There are a number of funders in the venture capital space. And while they each look a little different, they’re basically all the same — dealing with the same kind of contract with the same terms, but goes by different names. There is corporate venture capital, institutional venture capital, and direct venture capital by high-net-worth individuals.
There are also small business investment companies that are funded and chartered by the government. There are also small funds, some of which have specific categorical targets, such as tech, and large “spray-and-pray” funds that back companies from many different categories. And the ecosystem continues to evolve.
“More and more, new kinds of people and new kinds of organizations are finding that venture capital investment is not the spooky business that we always thought it was — that you had to come down out of the heavens or something to know how to do venture capital,” says David Brophy, Professor of Finance, Ross School of Business, University of Michigan. “More and more, people are finding out how to do it.”
Organizations, he says, tend to self-regulate — if they’re not doing well in it, they don't do very much of it. But still, while many in the venture capital world are looking to use their early-stage investments to do something good for the for economy, local or national, Brophy says there is a problem that’s been identified in the ecosystem he’s working to address: communication among all the VC entities.
“There is a sort of a built-in unwillingness to do that, probably because many of them are self-supporting — they have to get business on their own and I'm not going to give you the piece of business I have, that kind of attitude,” Brophy says. “But if we could pull them together, I think we would find that there's a lot of common ground and there's a lot of opportunity for everybody to share in the upside of doing this kind of work.”
In Michigan, for instance, Brophy says the early-stage funding ecosystem has come a long way, but still has a ways to go.
“We have big institutions.

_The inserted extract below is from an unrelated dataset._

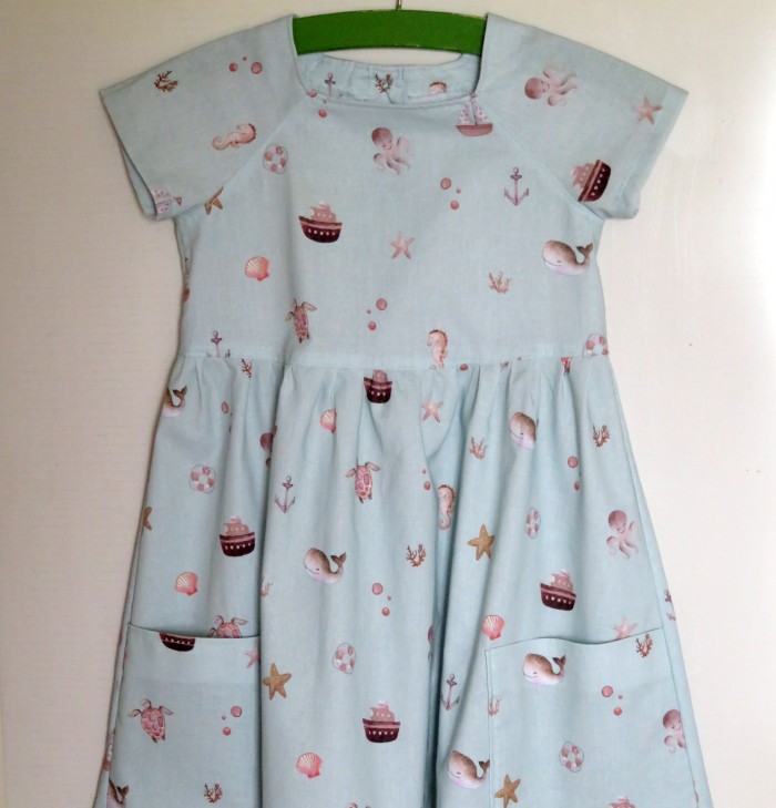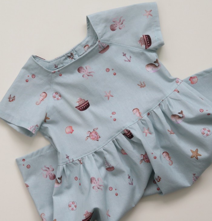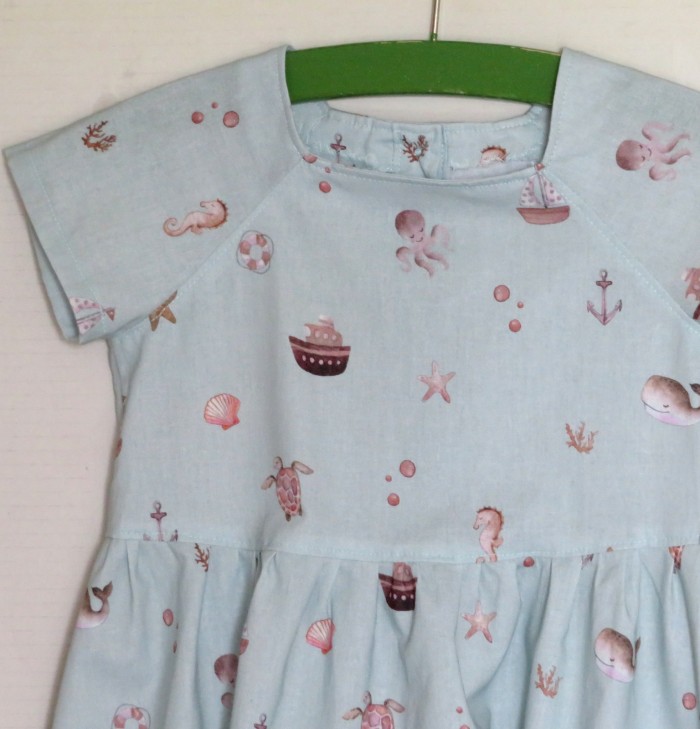 Jurkje maat 92 van poplin katoen met bootjes en zeedieren op een mintgroene ondergrond.
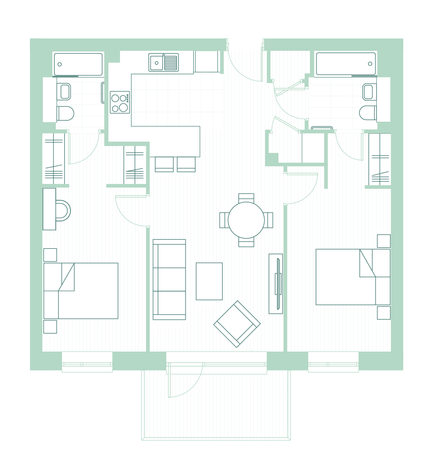 For growing families or friends who want a little more space, our two-bedroom apartments are an excellent option. Large living areas are bright and inviting, while fully fitted kitchens are quite simply a dream for budding chefs. Everything is there for you – simply move in!

Our endowment at Michigan is number two among endowments. And so we've got a lot of local capital. The State of Michigan is a big player in this. But as I said before, they tend to be thematic and they tend to go where the deals are. We can't rely on local institutional pools to turn their funding inward until and unless we earn it. If we want to get more and better venture capital in Michigan, we just got to come up with better companies because if you look at the companies that have raised money, they have done a sterling job. So it can be done, and it is being done, it's just not being done in large enough numbers yet. It'll come. But it's a bit down the road.”
Brophy spoke on the Smart Business Dealmakers Podcast about the venture capital ecosystem and what its continued growth means for Michigan, the Detroit region, and the scale-up community that’s looking for growth capital.